** Opening AVAILABLE DATA block **

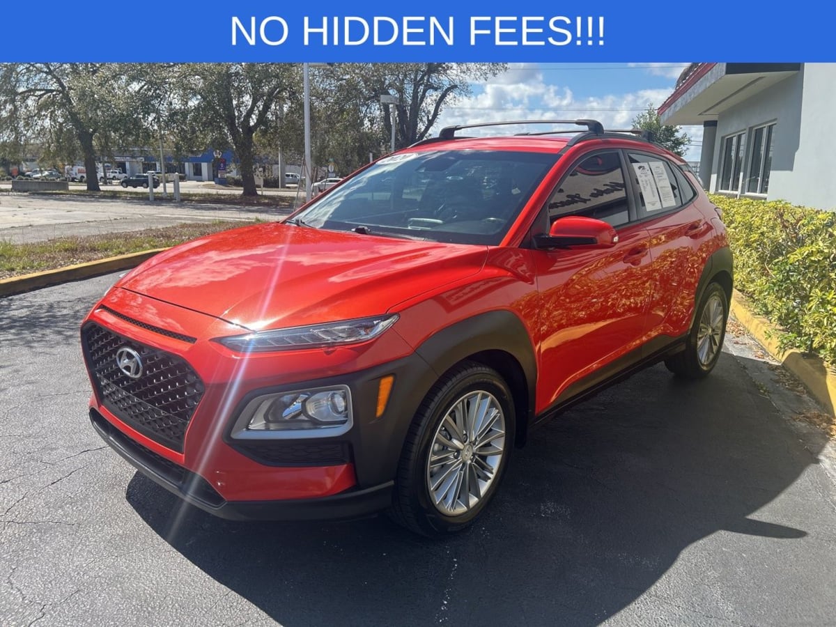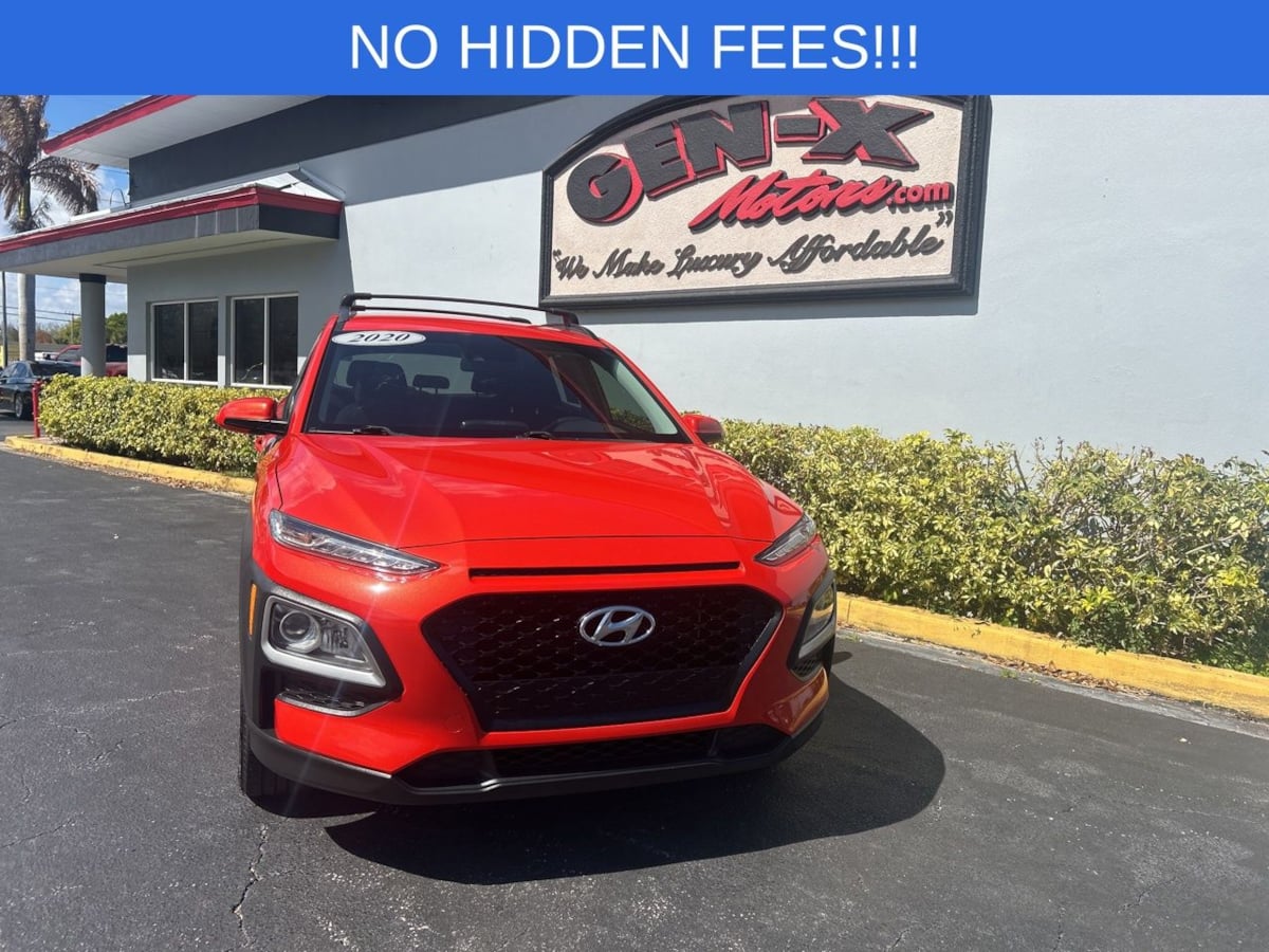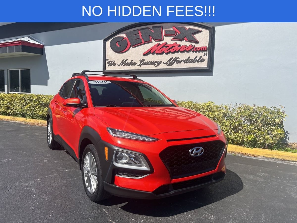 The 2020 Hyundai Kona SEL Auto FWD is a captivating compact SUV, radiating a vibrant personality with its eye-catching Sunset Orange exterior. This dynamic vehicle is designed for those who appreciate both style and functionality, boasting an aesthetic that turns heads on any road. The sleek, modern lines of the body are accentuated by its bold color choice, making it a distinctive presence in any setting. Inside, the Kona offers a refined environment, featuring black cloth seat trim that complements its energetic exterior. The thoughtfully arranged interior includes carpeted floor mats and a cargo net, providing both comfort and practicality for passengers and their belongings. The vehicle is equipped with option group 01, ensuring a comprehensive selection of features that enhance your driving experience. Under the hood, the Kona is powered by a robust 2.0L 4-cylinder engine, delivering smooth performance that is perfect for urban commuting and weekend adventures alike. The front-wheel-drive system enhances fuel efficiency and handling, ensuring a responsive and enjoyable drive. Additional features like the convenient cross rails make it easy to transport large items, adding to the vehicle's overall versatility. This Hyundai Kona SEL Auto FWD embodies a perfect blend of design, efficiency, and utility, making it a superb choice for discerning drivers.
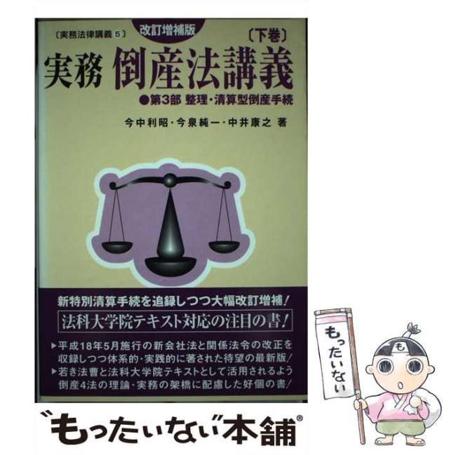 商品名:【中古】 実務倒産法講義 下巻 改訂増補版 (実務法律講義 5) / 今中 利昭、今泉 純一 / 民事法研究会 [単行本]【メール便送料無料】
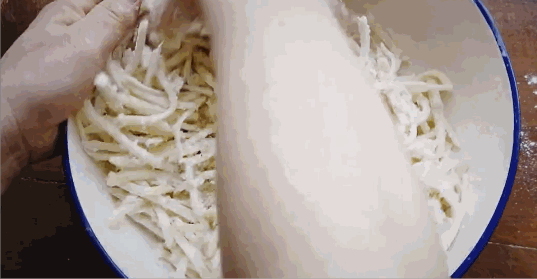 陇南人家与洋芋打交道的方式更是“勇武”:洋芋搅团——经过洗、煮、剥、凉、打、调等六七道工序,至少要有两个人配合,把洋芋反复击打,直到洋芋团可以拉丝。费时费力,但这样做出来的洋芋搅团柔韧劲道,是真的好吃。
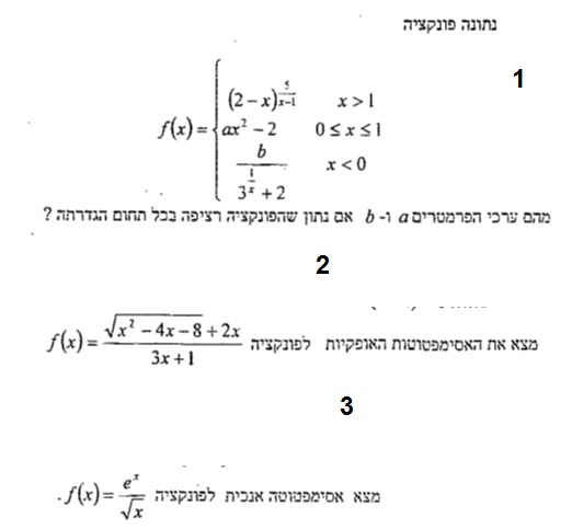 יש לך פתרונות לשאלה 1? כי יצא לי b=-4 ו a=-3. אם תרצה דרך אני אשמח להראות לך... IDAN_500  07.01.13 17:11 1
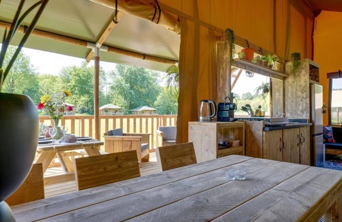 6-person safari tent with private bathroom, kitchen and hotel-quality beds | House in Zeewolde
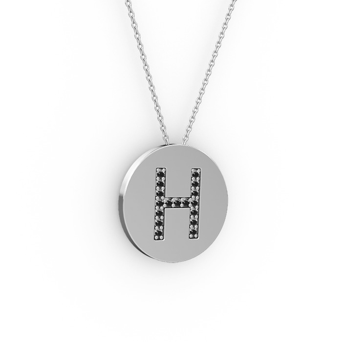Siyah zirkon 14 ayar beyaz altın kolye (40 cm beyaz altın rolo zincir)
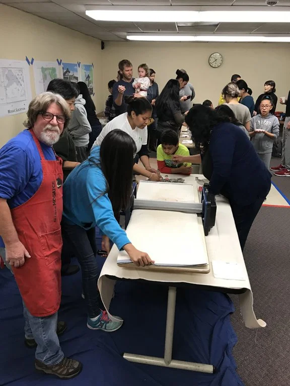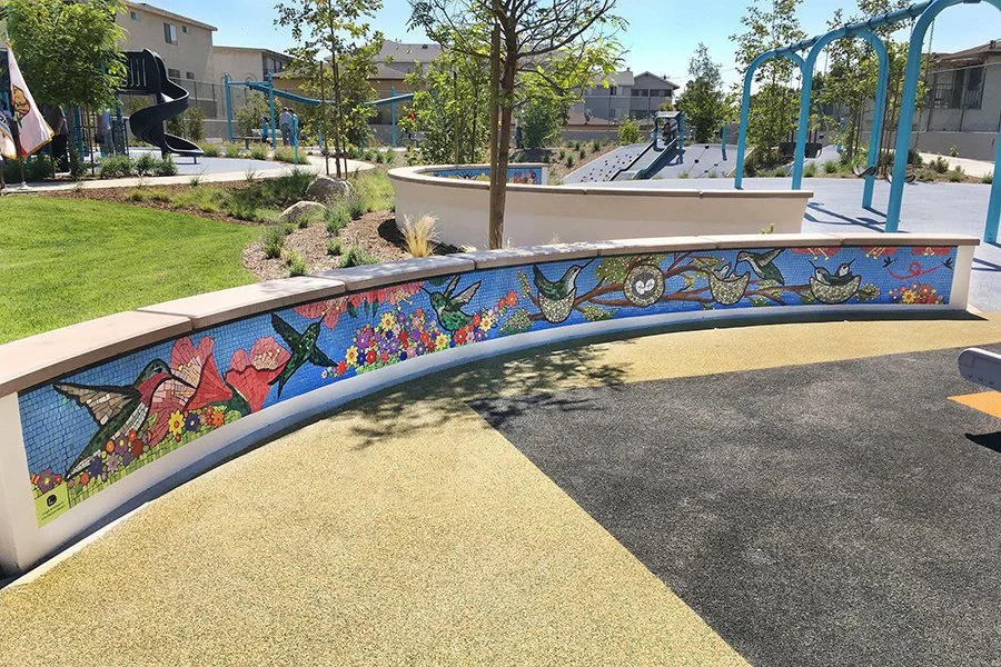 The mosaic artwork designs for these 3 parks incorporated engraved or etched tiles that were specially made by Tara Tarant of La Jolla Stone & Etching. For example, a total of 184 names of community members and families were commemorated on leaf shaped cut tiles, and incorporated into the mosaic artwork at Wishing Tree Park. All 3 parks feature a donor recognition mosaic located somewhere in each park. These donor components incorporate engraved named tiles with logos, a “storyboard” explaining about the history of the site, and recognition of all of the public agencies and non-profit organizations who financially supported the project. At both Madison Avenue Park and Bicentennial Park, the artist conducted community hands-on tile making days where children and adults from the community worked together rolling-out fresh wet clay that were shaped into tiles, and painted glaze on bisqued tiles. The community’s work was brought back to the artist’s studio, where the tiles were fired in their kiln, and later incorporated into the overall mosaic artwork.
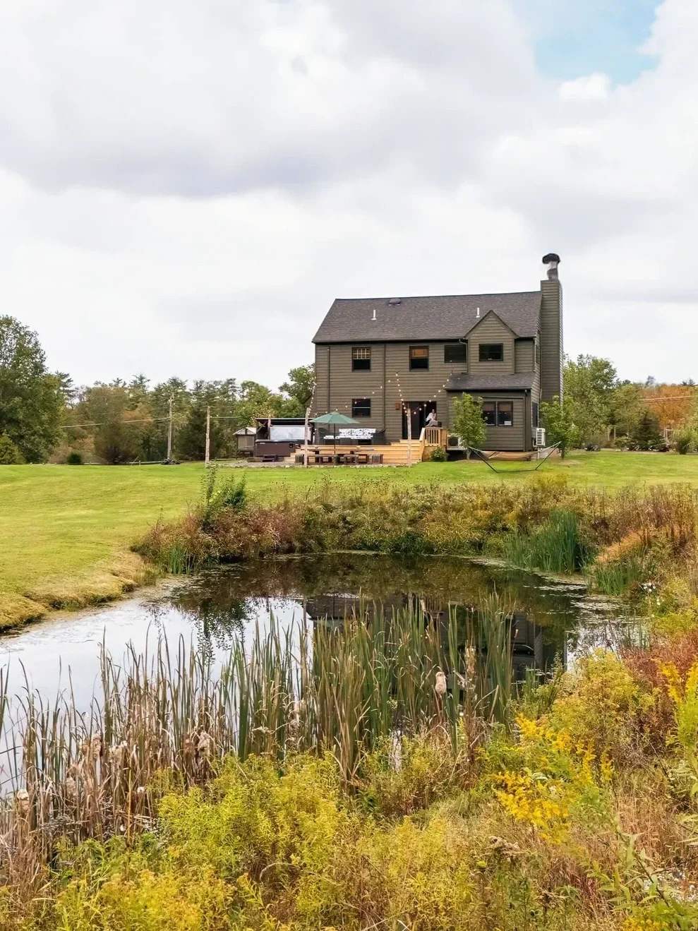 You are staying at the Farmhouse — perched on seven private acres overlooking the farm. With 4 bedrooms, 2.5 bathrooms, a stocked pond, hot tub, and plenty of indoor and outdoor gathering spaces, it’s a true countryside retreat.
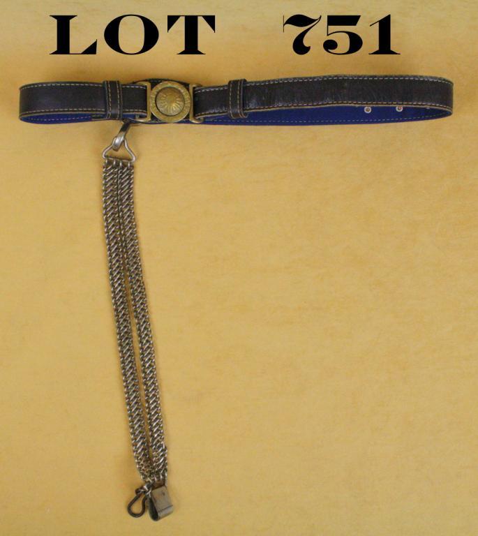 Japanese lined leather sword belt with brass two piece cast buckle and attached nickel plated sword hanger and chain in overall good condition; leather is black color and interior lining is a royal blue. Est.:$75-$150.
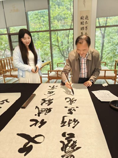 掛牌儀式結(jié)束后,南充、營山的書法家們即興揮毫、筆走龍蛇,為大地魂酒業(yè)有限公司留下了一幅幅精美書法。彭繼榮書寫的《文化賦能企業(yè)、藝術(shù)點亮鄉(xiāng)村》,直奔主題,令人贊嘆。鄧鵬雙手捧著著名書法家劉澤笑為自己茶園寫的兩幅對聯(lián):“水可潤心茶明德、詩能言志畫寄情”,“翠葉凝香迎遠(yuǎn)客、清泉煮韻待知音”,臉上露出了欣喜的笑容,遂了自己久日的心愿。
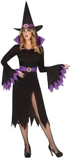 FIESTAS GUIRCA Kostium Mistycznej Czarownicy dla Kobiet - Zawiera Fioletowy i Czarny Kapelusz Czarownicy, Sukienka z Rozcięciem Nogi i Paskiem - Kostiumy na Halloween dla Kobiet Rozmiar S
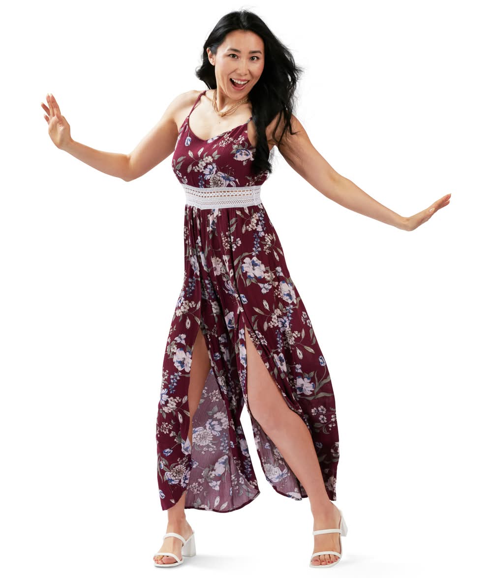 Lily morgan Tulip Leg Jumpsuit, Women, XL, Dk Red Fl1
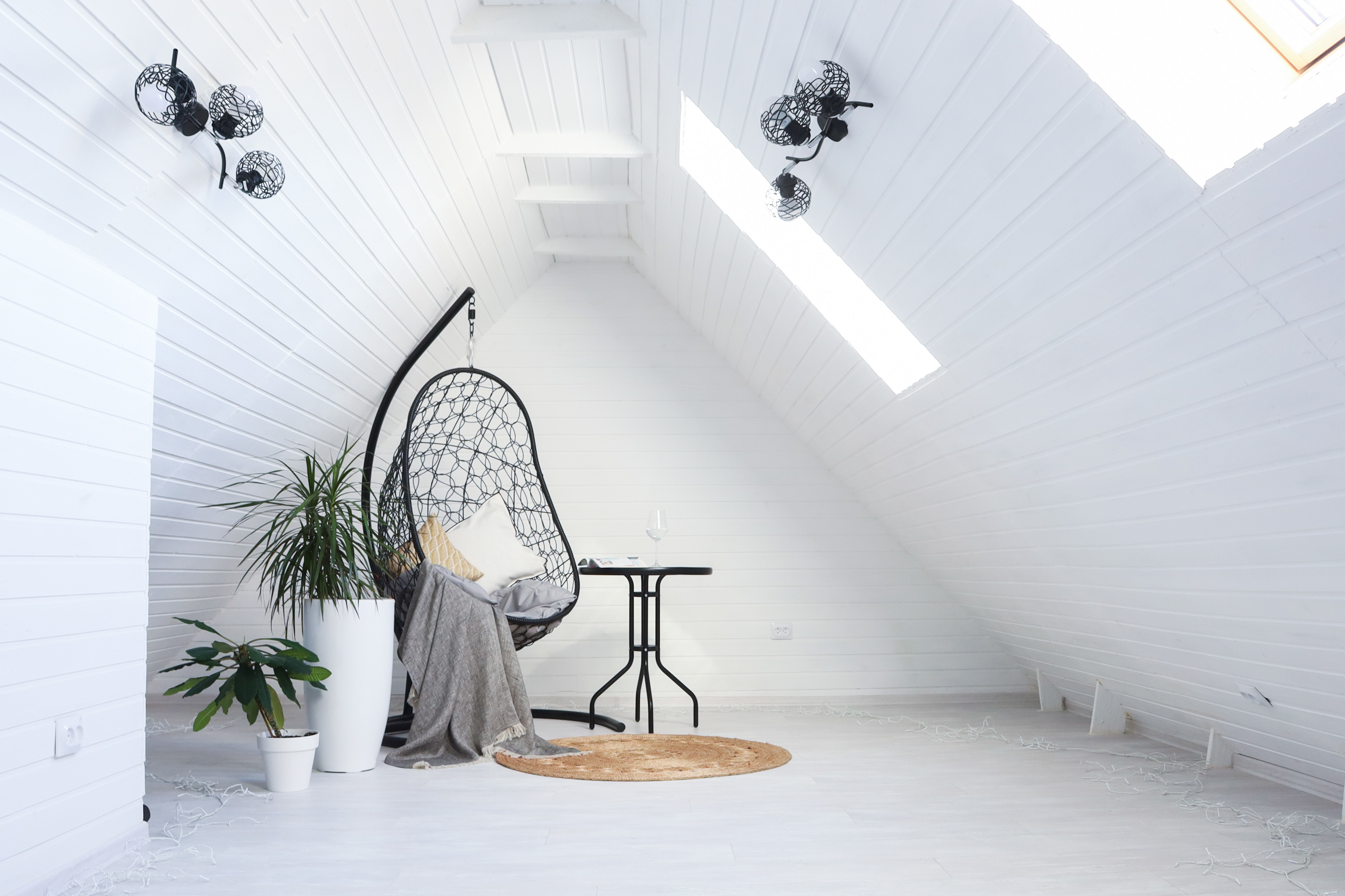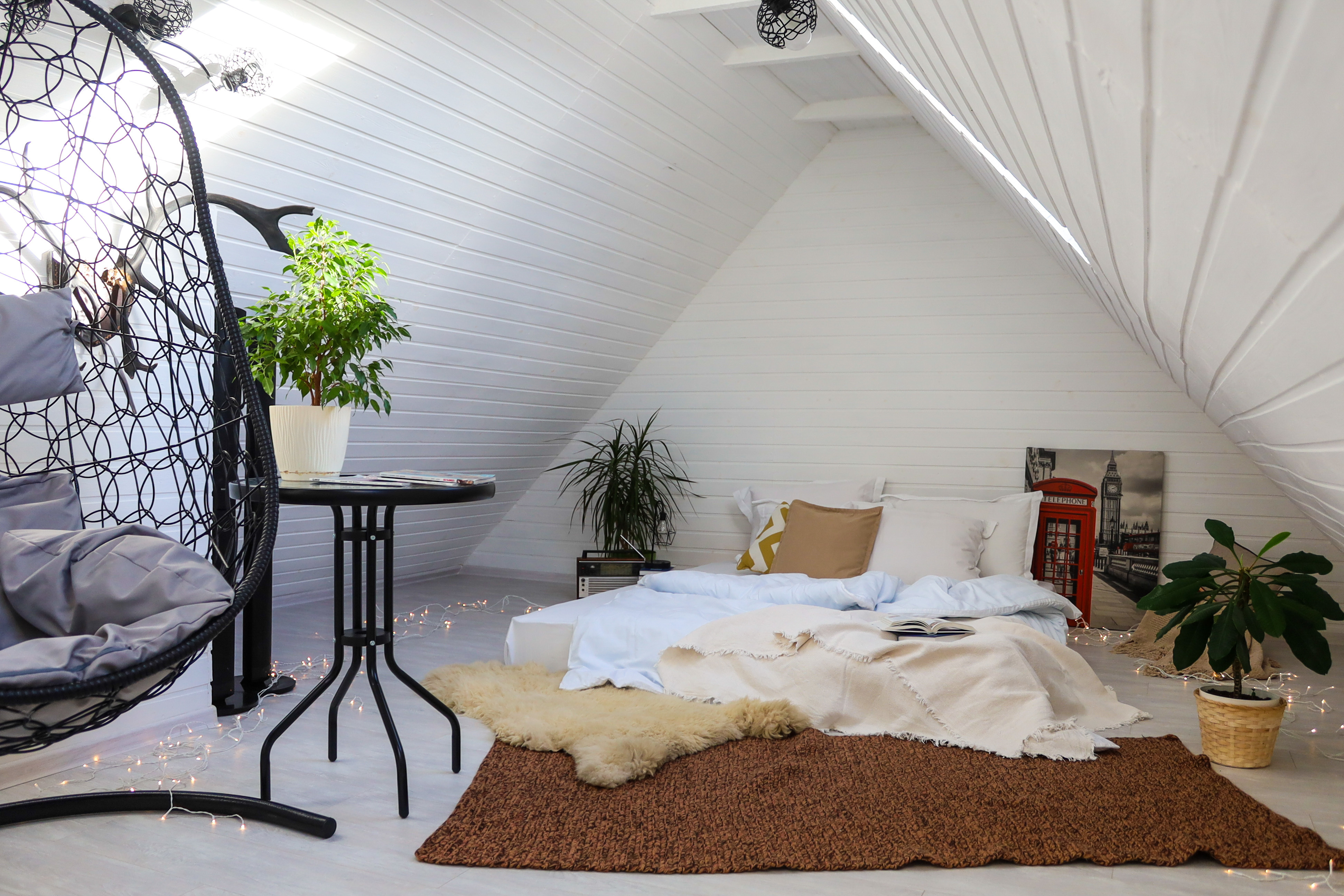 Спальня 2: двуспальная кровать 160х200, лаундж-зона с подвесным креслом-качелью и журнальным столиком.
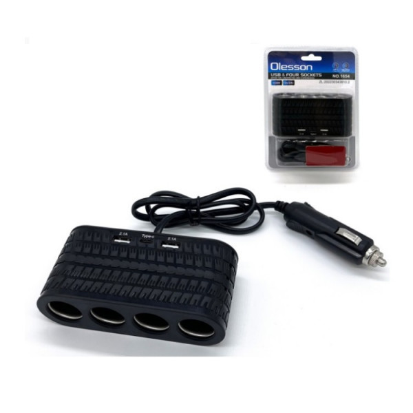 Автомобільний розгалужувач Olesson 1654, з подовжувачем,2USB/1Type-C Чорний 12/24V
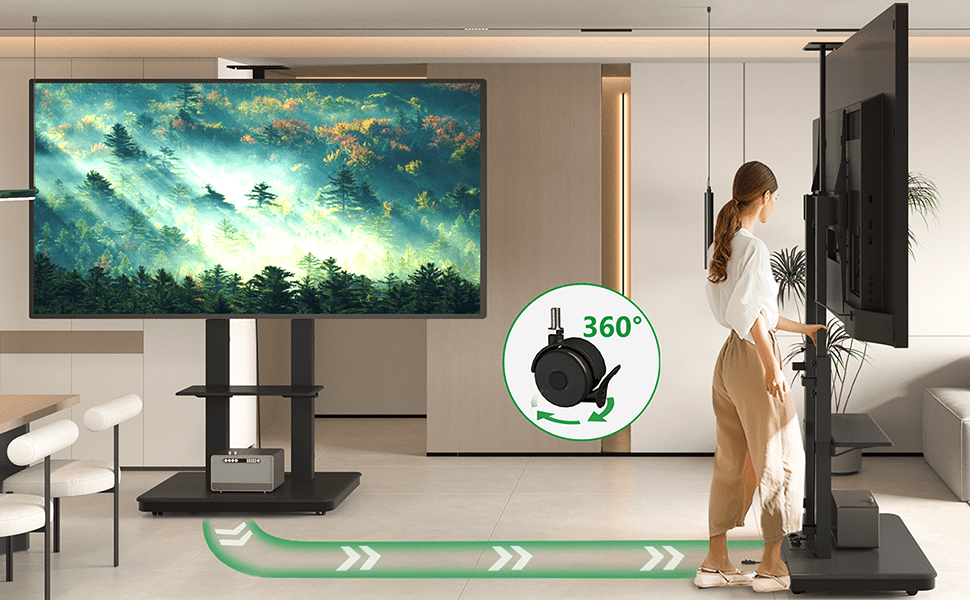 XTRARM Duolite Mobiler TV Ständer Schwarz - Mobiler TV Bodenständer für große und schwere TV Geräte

** Closing AVAILABLE DATA block **

## WORK ITEM
The entries are to be written out in full and exactly, apart from the pictures.

## YOUR RESPONSE
 The 2020 Hyundai Kona SEL Auto FWD is a captivating compact SUV, radiating a vibrant personality with its eye-catching Sunset Orange exterior. This dynamic vehicle is designed for those who appreciate both style and functionality, boasting an aesthetic that turns heads on any road. The sleek, modern lines of the body are accentuated by its bold color choice, making it a distinctive presence in any setting. Inside, the Kona offers a refined environment, featuring black cloth seat trim that complements its energetic exterior. The thoughtfully arranged interior includes carpeted floor mats and a cargo net, providing both comfort and practicality for passengers and their belongings. The vehicle is equipped with option group 01, ensuring a comprehensive selection of features that enhance your driving experience. Under the hood, the Kona is powered by a robust 2.0L 4-cylinder engine, delivering smooth performance that is perfect for urban commuting and weekend adventures alike. The front-wheel-drive system enhances fuel efficiency and handling, ensuring a responsive and enjoyable drive. Additional features like the convenient cross rails make it easy to transport large items, adding to the vehicle's overall versatility. This Hyundai Kona SEL Auto FWD embodies a perfect blend of design, efficiency, and utility, making it a superb choice for discerning drivers.
 商品名:【中古】 実務倒産法講義 下巻 改訂増補版 (実務法律講義 5) / 今中 利昭、今泉 純一 / 民事法研究会 [単行本]【メール便送料無料】
 陇南人家与洋芋打交道的方式更是“勇武”:洋芋搅团——经过洗、煮、剥、凉、打、调等六七道工序,至少要有两个人配合,把洋芋反复击打,直到洋芋团可以拉丝。费时费力,但这样做出来的洋芋搅团柔韧劲道,是真的好吃。
 יש לך פתרונות לשאלה 1? כי יצא לי b=-4 ו a=-3. אם תרצה דרך אני אשמח להראות לך... IDAN_500  07.01.13 17:11 1
 6-person safari tent with private bathroom, kitchen and hotel-quality beds | House in Zeewolde
Siyah zirkon 14 ayar beyaz altın kolye (40 cm beyaz altın rolo zincir)
 The mosaic artwork designs for these 3 parks incorporated engraved or etched tiles that were specially made by Tara Tarant of La Jolla Stone & Etching. For example, a total of 184 names of community members and families were commemorated on leaf shaped cut tiles, and incorporated into the mosaic artwork at Wishing Tree Park. All 3 parks feature a donor recognition mosaic located somewhere in each park. These donor components incorporate engraved named tiles with logos, a “storyboard” explaining about the history of the site, and recognition of all of the public agencies and non-profit organizations who financially supported the project. At both Madison Avenue Park and Bicentennial Park, the artist conducted community hands-on tile making days where children and adults from the community worked together rolling-out fresh wet clay that were shaped into tiles, and painted glaze on bisqued tiles. The community’s work was brought back to the artist’s studio, where the tiles were fired in their kiln, and later incorporated into the overall mosaic artwork.
 You are staying at the Farmhouse — perched on seven private acres overlooking the farm. With 4 bedrooms, 2.5 bathrooms, a stocked pond, hot tub, and plenty of indoor and outdoor gathering spaces, it’s a true countryside retreat.
 Japanese lined leather sword belt with brass two piece cast buckle and attached nickel plated sword hanger and chain in overall good condition; leather is black color and interior lining is a royal blue. Est.:$75-$150.
 掛牌儀式結(jié)束后,南充、營山的書法家們即興揮毫、筆走龍蛇,為大地魂酒業(yè)有限公司留下了一幅幅精美書法。彭繼榮書寫的《文化賦能企業(yè)、藝術(shù)點亮鄉(xiāng)村》,直奔主題,令人贊嘆。鄧鵬雙手捧著著名書法家劉澤笑為自己茶園寫的兩幅對聯(lián):“水可潤心茶明德、詩能言志畫寄情”,“翠葉凝香迎遠(yuǎn)客、清泉煮韻待知音”,臉上露出了欣喜的笑容,遂了自己久日的心愿。
 FIESTAS GUIRCA Kostium Mistycznej Czarownicy dla Kobiet - Zawiera Fioletowy i Czarny Kapelusz Czarownicy, Sukienka z Rozcięciem Nogi i Paskiem - Kostiumy na Halloween dla Kobiet Rozmiar S
 Lily morgan Tulip Leg Jumpsuit, Women, XL, Dk Red Fl1
 Спальня 2: двуспальная кровать 160х200, лаундж-зона с подвесным креслом-качелью и журнальным столиком.
 Автомобільний розгалужувач Olesson 1654, з подовжувачем,2USB/1Type-C Чорний 12/24V
 XTRARM Duolite Mobiler TV Ständer Schwarz - Mobiler TV Bodenständer für große und schwere TV Geräte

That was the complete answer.